Picture of After Thought - Cutting Diagram and Detail of Saw Support

I thought about this after I had published the instructable. I hope it makes this a more helpful article. The dimensions are not really that important, but I thought I'd at least pass along the dimensions I used. Also, the part about saw supports may have been confusing. I hope the diagram helps. Since the front-to-back saw dimension was bigger than the frame, I had to extend the saw supports outside the frame by about an inch. That is what I'm trying to display in this diagram.

Comments

JoeV24 (author)2016-08-02

I make sure that all my cabinets and worktops --- including saw tables and drill press tables, routers, joiners, etc, have the same height of 34 inches from the floor.

That way all your table/desk/tool tops are the same and it makes it very easy to have a long board spill over to another surface that's the same height.

I sometimes retract the table saw blade and use the rolling table I built at a portable workbench.

Since the project of choice for me is building guitars, then I use a Bosch direct-drive table saw much the same as yours and it suffices me well too. If I have something bigger to rip, I set up my aluminum channel fence and use my Skill-Saw worm drive that can make a nice cut too.

I got rid of a ShopSmith as it was too large for me and I really like a tool to be single-purpose anyway.

Once in a while I will put my portable table router on top of the table saw and use the extra height to make some precision cuts closer to eye level. And all my power tools - with a few exceptions - run on 220 VAC.

stannickel (author)JoeV242016-08-03

Very good plan and ideas. You must have a very nice workshop. Thanks for your input.

crazypj (author)2016-02-15

I have the same saw for the same reason ($99.00) sounds like a tool snob comment from batvette? Just because it's small and cheap doesn't mean it can't be used for precision work, you just have to know it's limitations and take more time setting things up.It isn't a production saw by any means, but, 'we' (the people using it) are not production woodworkers

stannickel (author)crazypj2016-02-15

I like your response. This saw definitely has served my purposes since I bought it. And, with a sturdy table and the sled, I have cut a lot of wood. The Goldilocks way: "Just right".

batvette (author)2016-01-28

I feel sorry for you if this is the only table saw you have to use. Whats the rip capacity, even 12"? I once had a little ryobi like that and there was no way to expand it either.

stannickel (author)batvette2016-01-29

Thank you for your sympathy. It's so nice that you care.

Damies (author)2016-01-05

I just got this saw as a Christmas gift and have been trying to decide how to get it on legs. This is definitely a helpful design.

stannickel (author)Damies2016-01-05

It is a very sturdy table. You may want to experiment with a height that is right for you. I started with saw horses and other supports and decided on the height that I have in the Instructable. Good luck!

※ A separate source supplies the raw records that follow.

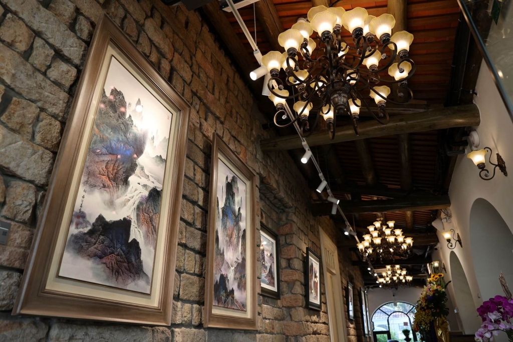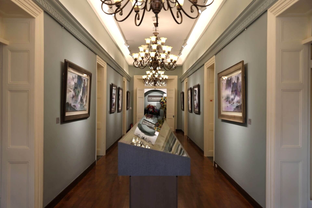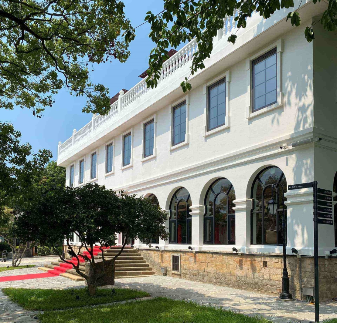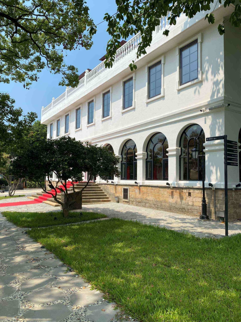 走進園區,印入眼簾的是一棟白色西洋建築,建築為兩層樓,陽光下的綠植樹木在美術館入口前錯落,枝葉隨風灑落在陽光下搖曳。建築內光線從玻璃窗外瀉入,百年石壁迴廊掛滿一幅幅精彩的畫作,展廳內保留了原建築的懷舊氣質,入門處一排耀眼的水晶吊燈,鋪上紅地毯的木質地板,以及充滿生活氣息的燃木壁爐,展現傳承與創新的完美平衡。傍晚時分,隨著建築外側面的扶搖梯迴旋直上,漫步美術館頂層遼闊的觀海臺,瞬間便能將著名的「觀音夕陽」美景盡收眼底,無比愜意。
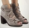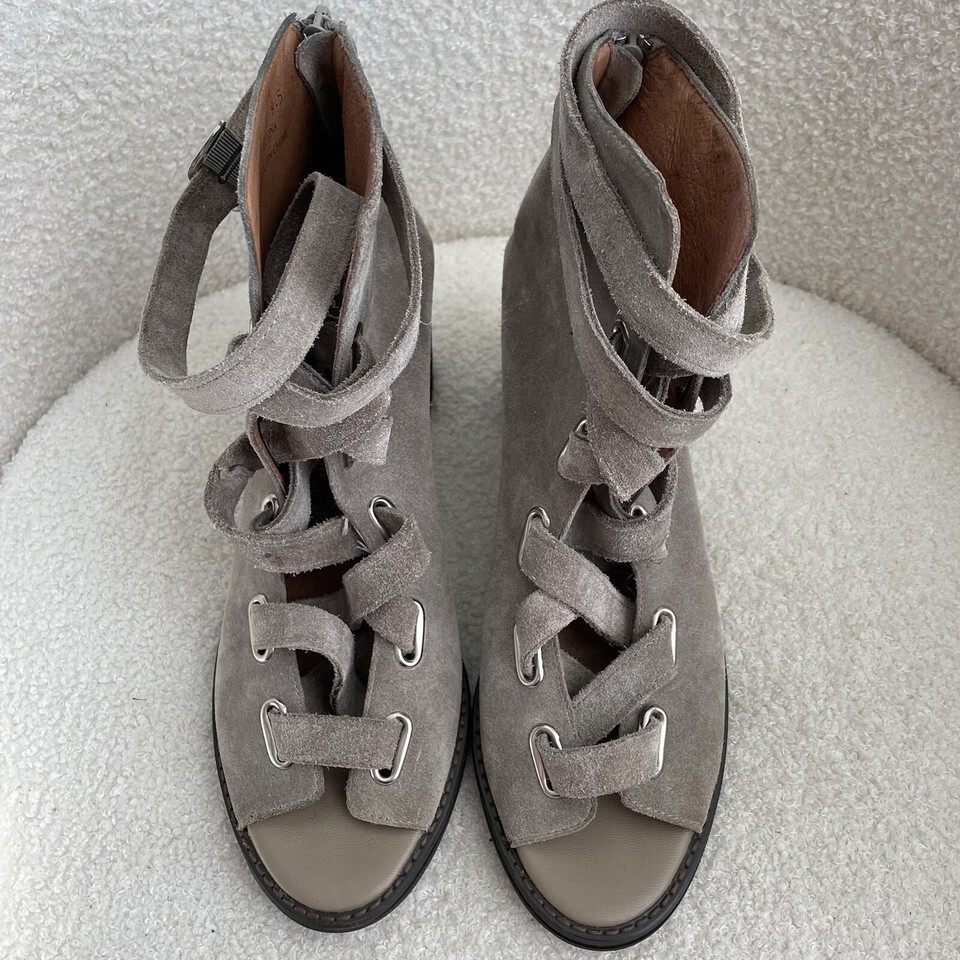 Jeffrey Campbell Salazar lace front block heel booties in a true taupe color. I think the manufactures initial color name for this shoe is gray, but I think it is definitely more tope with some cool tan undertones. Back zip for easy on off and the strap wraps around your ankle and buckles. Open toe. Suede leather
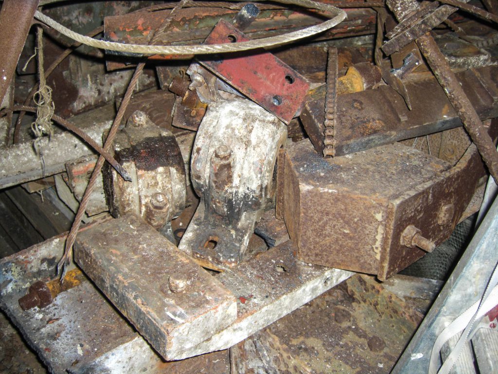 Mit unserem Transporter starteten wir 5.00 Uhr, voll geladen mit Flaschenzügen, Holzbalken, Schweißzeug und allerhand Werkzeug, zum Teil extra für diese Demontage vorbereitet. Unsere erste Aufgabe bestand darin, die Flaschenzüge nach oben zu transportieren und in der Glockenstube aufzuhängen (der große Flaschenzug hebt 10 t und wiegt 90 kg). Nachdem die Glocken abgesetzt und gewogen waren, gingen wir daran den alten Eisenstuhl in transportfähige Einzelteile zu zerlegen.
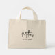 Bolsa de mãe da noiva casual. Grande texto em escrita cursiva casual com pequeno texto em bloco tradicional.
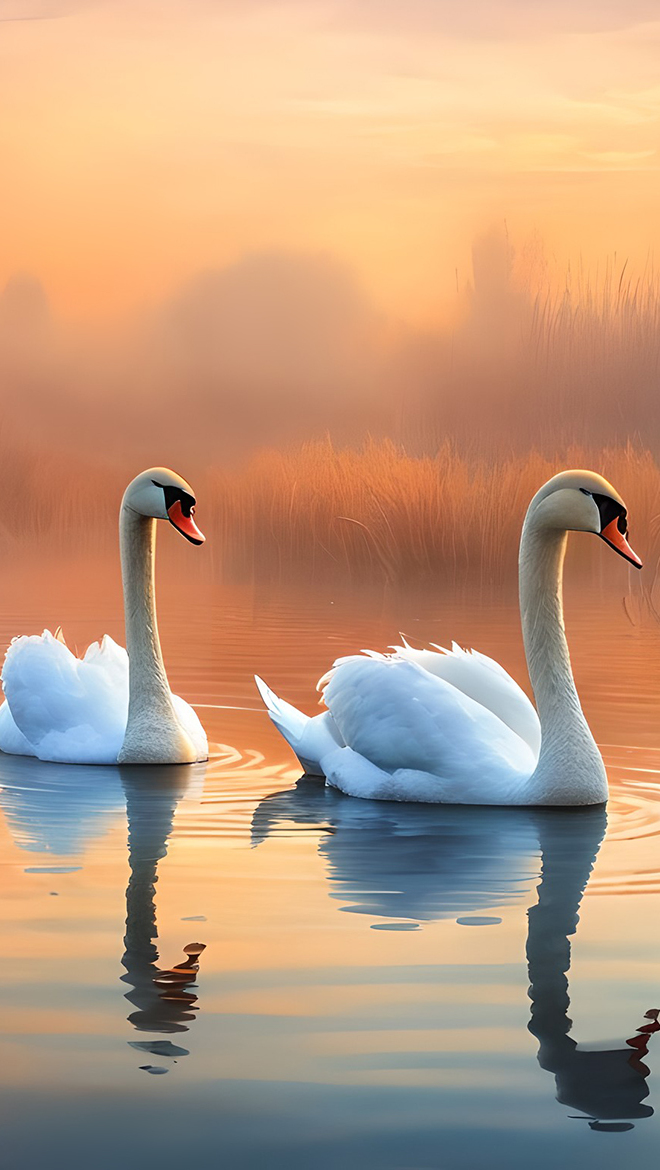 Edytor tapety: Dwa białe łabędzie na zamglonym jeziorze
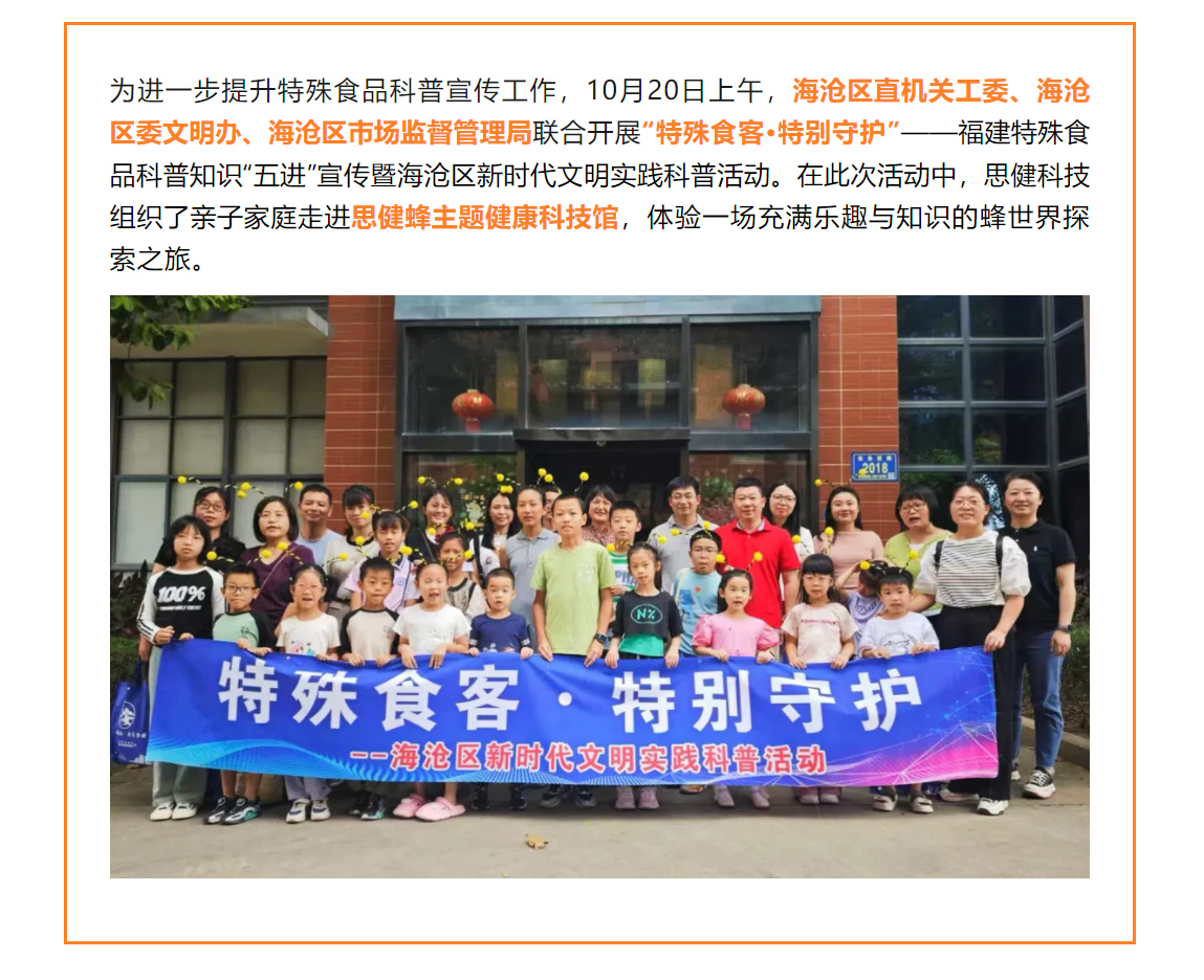 特殊食品知多少?這場(chǎng)活動(dòng)甜蜜又有料….福建特殊食品科普知識(shí)“五進(jìn)”宣傳暨海滄區(qū)新時(shí)代文明實(shí)踐科普活動(dòng)走進(jìn)思健蜂主題科技館
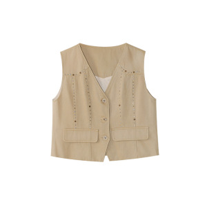 诠释美 NEWOPEN 25秋老钱风简约叠穿无袖纯棉v领马甲女短款F6209
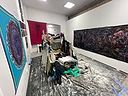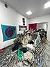 Художник сейчас перед вашими глазами строит дом, муравейник, используя гипс и мусор. В течение выставки домик день за днём будет становиться всё большее и большее настолько, что его уже нельзя будет переносить и придётся уничтожить. А мусор это все, что мы бросаем, все что мы и общество больше не хотим видеть. Или может то, что нам бы хотелось взять с собой туда, куда уезжаем, но мы не можем.
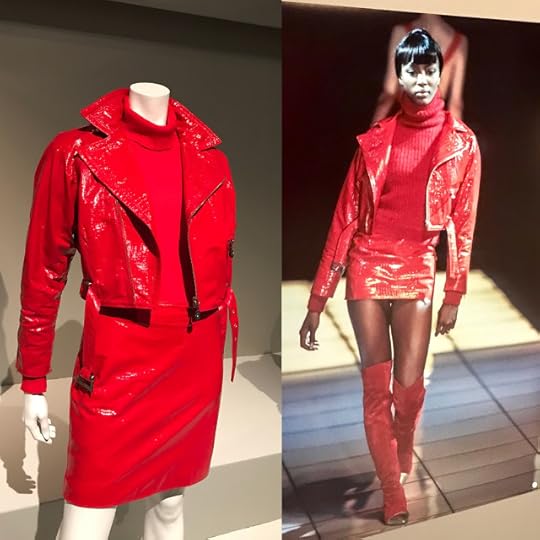 Rock & Roll Red--Versace Fall/Winter 1994/1995 Moto Jacket Suit and Michel Arnaud Photo of Naomi Campbell (in outfit) on the runway "Capturing the Catwalk: Runway Photography from the Michel Arnaud Archive" Exhibition FIDM Museum
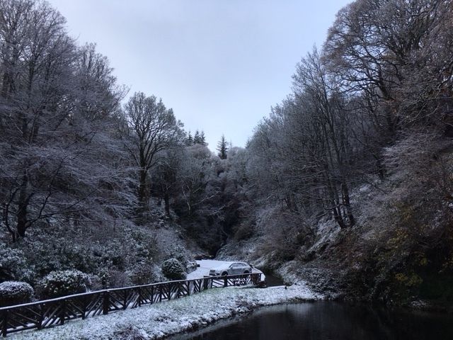 スコットランドに寒波が来襲し午前中は何と少し雪が降りましたが、ツアーの小型バス(定員15人ぐらい)はもちろんスノータイヤ装着だったので問題なしでした。
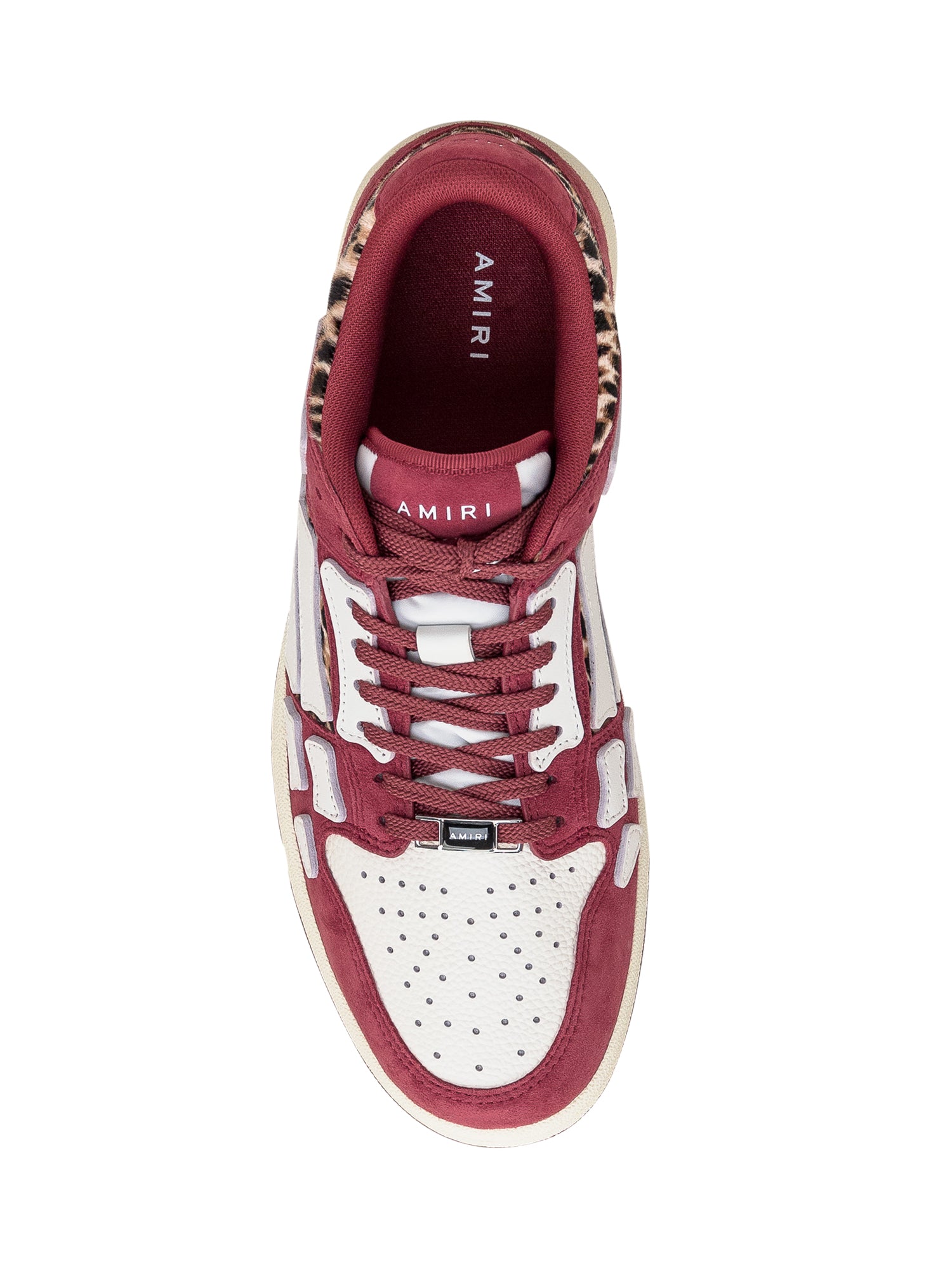 Sneaker bassa in pelle scamosciata con inserti in pelliccia. Chiusura con maxi lacci. Logo sulla linguetta e sul tallone. Applicazione di patch Skeleton in pelle sul lato. Motivo Leopard in pelliccia.

weatherjack (author)2015-12-25

I have this same saw and love it. Great table!

stannickel (author)weatherjack2015-12-25

As they say, Great Minds Think Alike. Thanks.

blkhawk (author)2015-12-24

I have seen people like you, doing more with their few cheap tools than some with their expensive brand name tools. Keep up the good work!

stannickel (author)blkhawk2015-12-24

Thank you for your affirmation! I appreciate it a lot.